Дальше пошло действие. Полковник выхватил пистолет, Коровин поднял и наставил на меня автомат, а я расстегнул портупею, ремень, швырнул все в сторону и пошел на выход, сложив руки за спину.
Да, ни черта у меня не вышло. А все мое иновременное происхождение. Ведь местные-то как боятся все до одури начальства, а мне пофиг. А тут так не привыкли. Тут если тебе какие-то полномочия даны, то для подчиненных ты царь и бог. Хотя это у нас в России повсеместно. Каждая уборщица на своем месте себя начальником считает. Что поделать, такова у нас природа. Вот и говорю, ничего я не смог изменить, да и себя угробил. Жаль родителей, когда узнают, поседеют.
– Некрасов. На выход! – Притащился конвой, открыли в камере дверь и зовут. Раз о вещах не сказали, значит, на допрос. Уже в шестой раз так вызывают. С самого первого дня ареста шьют вредительство и службу врагу. Это по моей вине, оказывается, батарея была уничтожена. То есть не из-за отсутствия авиации или зенитных средств, а из-за меня. Вот так. С первого же допроса ничего не говорю, молчу. Сразу заявил следаку:
– Хотите, чтобы одним командиром в армии стало меньше, стреляйте так. Подписывать ничего не буду!
Первый допрос так и закончился. А вот на втором я уже увидел картину, которую так часто у нас там, в будущем, любили описывать в книгах и показывать в кино. Приводят меня в кабинет, а там уже два амбала стоят, рукава закатывают.
– И что, бить будете?
Ухмыляются, показывая полное свое превосходство.
– Это зависит от твоего поведения. Будешь отвечать на вопросы – эти меры не пригодятся. Продолжишь упорствовать – будут работать они.
– Вы хоть сами-то понимаете, что, поступая вот так, вы подрываете боеспособность армии? Это ваши действия больше тянут на вражеские… – Ох. Ударить не смогли. Я просто решил с ребятами поиграть. Было весело. Все их неловкие попытки я с легкостью парировал, даже не напрягался. Комната тесная, им толком не развернуться в ней, мешают друг другу. Хотят схватить, я выворачиваюсь, пробуют ударить, мягко отбиваю удары, а сам не отвечаю.
– Я так долго могу развлекаться. Прекратите, гражданин следователь. Если вам просто нужно дело состряпать, так и делайте это. Ломать себя я не дам. Можете стрелять.
– Мы еще посмотрим, как ты запоешь, – прошипел следак и прекратил попытки амбалов меня скрутить.
– Ой, пою я неважно, никому не нравилось, – пошутил я. – Гражданин следователь, давайте объективно разберемся в деле?
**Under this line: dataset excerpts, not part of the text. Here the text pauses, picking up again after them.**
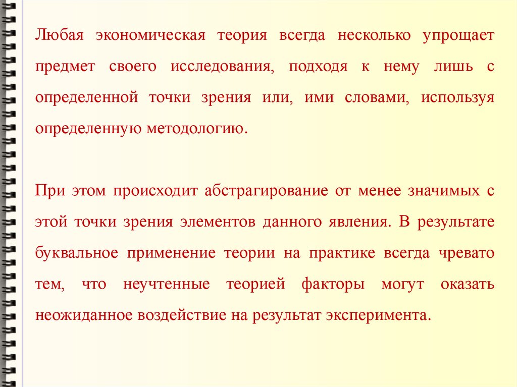 Любая экономическая теория всегда несколько упрощаетпредмет своего исследования, подходя к нему лишь с
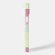 Magnifique motif contemporain jaune citron clair, vert pomme pastel, et clair framboise rouge rose pâle rayures. Avec place pour customiser ou personnaliser avec un nom, monogramme ou initiales de votre choix. Design hipster orné, funky, moderne et fantaisiste pour l'élégante fashionista artistique ou art de mode diva, branché, style rétro vintage, ou amoureux de motifs géométriques qui veut protéger leur téléphone de la poussière et la saleté, l'usure et la déchirure. Cette conception est disponible en coques de téléphones cellulaires Apple iPhone 6, 7 et 8 Plus, 10 ou X, XR, XS, 11, 12, 13 Mini, 14, 15 Plus et Pro Max. Montrez votre style, regardez à la mode, et sentez élégant avec un design unique sur un accessoire mobile de votre choix.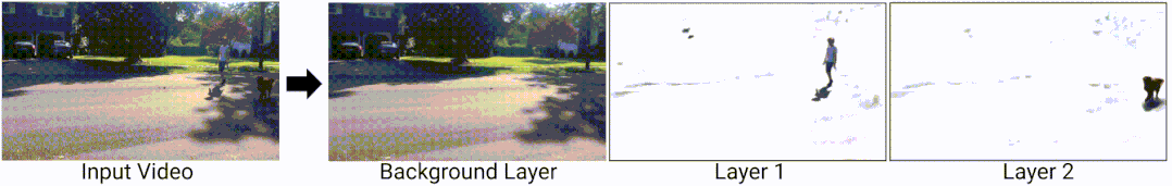 omnimatte可以在大部分图像或视频编辑工具进行操作,并且可以在任何使用传统蒙版的地方使用,例如,将文本插入视频中的烟迹下,效果真是牛。为了生成omnimatte,首先将输入的视频分成一组层: 每一个层用于一个移动的主体或是用于静止的背景物体。例如下图中可以看到,有一个图层用于人,一个图层用于狗,还有一个图层用于背景,当合并在一起使用传统的阿尔法混合方法,这些层可以重新合成这个输入视频。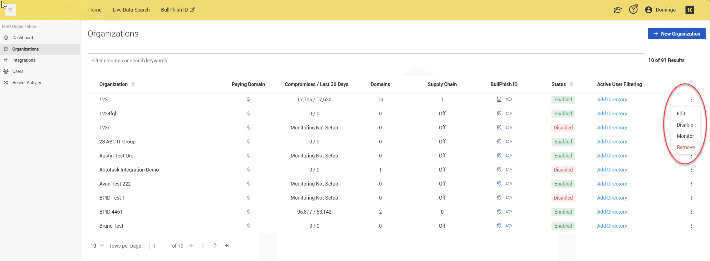 Organizations may be edited, disabled, monitored, or removed through the More menu located on the right side of each organization entry.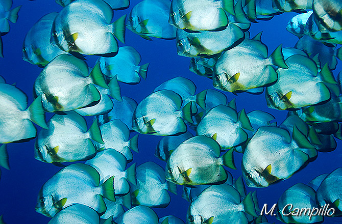 Se les suele ver en parejas o pequeños grupos cerca de los pecios o de los cabezos de coral. Pero en otras ocasiones se agrupan en densos bancos, cerca de la superficie, para moverse por el exterior de los arrecifes. Estos grandes grupos toman diversas y diferentes formas que a mucha distancia los hace confundir con grandes criaturas marinas como estrategia de defensa en sus viajes por las peligrosas aguas abiertas.

Вы сами поймете, что я невиновен.
– Да только за твою дерзость старшему командиру тебя уже расстрелять нужно.
– А, так бы и сказали, что это у нас в армии так командиры обижаются за свою тупость и наглость. Вы хоть понимаете, что однажды и вас вот так в оборот возьмут? Просто за превышение или когда этот командир в немилость попадет. Ведь у вас в вашей организации такое случалось, ведь так?
– Чего ты несешь? – кажется, даже побледнел следак.
– Да ладно, подумай сам, а потом поговорим, – махнул я рукой, – отведите меня в камеру уже.
Таких допросов было еще три, а вот сегодня шестой.
– Ну как, поумнел? – новый подход следака заинтересовал.
– Если вы о том, чтобы я себя оговорил, то нет, не поумнел.
– Слушай меня. – Следователь был удивительно вежлив и, кстати, опять в одиночку меня принял, с того раза, как два ухарца пытались меня помять, я их больше и не видел. Может, именно поэтому я был немного расслаблен и не ждал чего-то хренового. – Ты какой-то неправильный, что ли. Тебе бы бояться нужно, а ты гонор показываешь. Сломать тебя, если надо, один хрен бы сломали, ты и сам это понимаешь. – Я кивнул. – Думаешь, чего это я такой добренький? Да просто все. Дело твое я рассмотрел, да-да, ты думал, что мы тут только расстрелы подписываем? Ошибаешься. Вообще-то нам за каждого отчитаться нужно. Был сигнал, сам понимаешь, мы обязаны были отреагировать. Тебя задержали, а я выяснял подробности дела. Ты прав, конечно, был, когда утверждал, что никакой ты не враг. Да я и не настаивал, понимаю, откуда это пришло. Но, парень, ты как в другом мире живешь. Ты ж в армии, тем более на войне. Ты давал присягу, а ведешь себя как махновец какой-то. Вон, выучили тебя, за год уже лейтенантом стал, батареей командовал, награжден. Чем ты думал, когда с начштаба сцепился? Невыполнение приказа – это уже статья.
– И что мне будет за это, расстрел? – ухмыльнулся я.
– Зря ерничаешь, если б полковник нажал куда нужно, могли бы и расстрелять. Да только он нормальный мужик. Уже на второй день он сам меня и просил с тобой разобраться как следует, а не гнобить. – Сказать, что я удивился, вообще ничего не сказать.
– Ну…
– Да молчи ты, уже наговорил. Короче, дело я закрываю, но запомни, если еще не понял, ты обязан выполнять приказы, ты – командир Красной Армии. Какой ты пример показываешь подчиненным? Они же видят все и делают выводы. Ты хочешь бунта в армии во время войны?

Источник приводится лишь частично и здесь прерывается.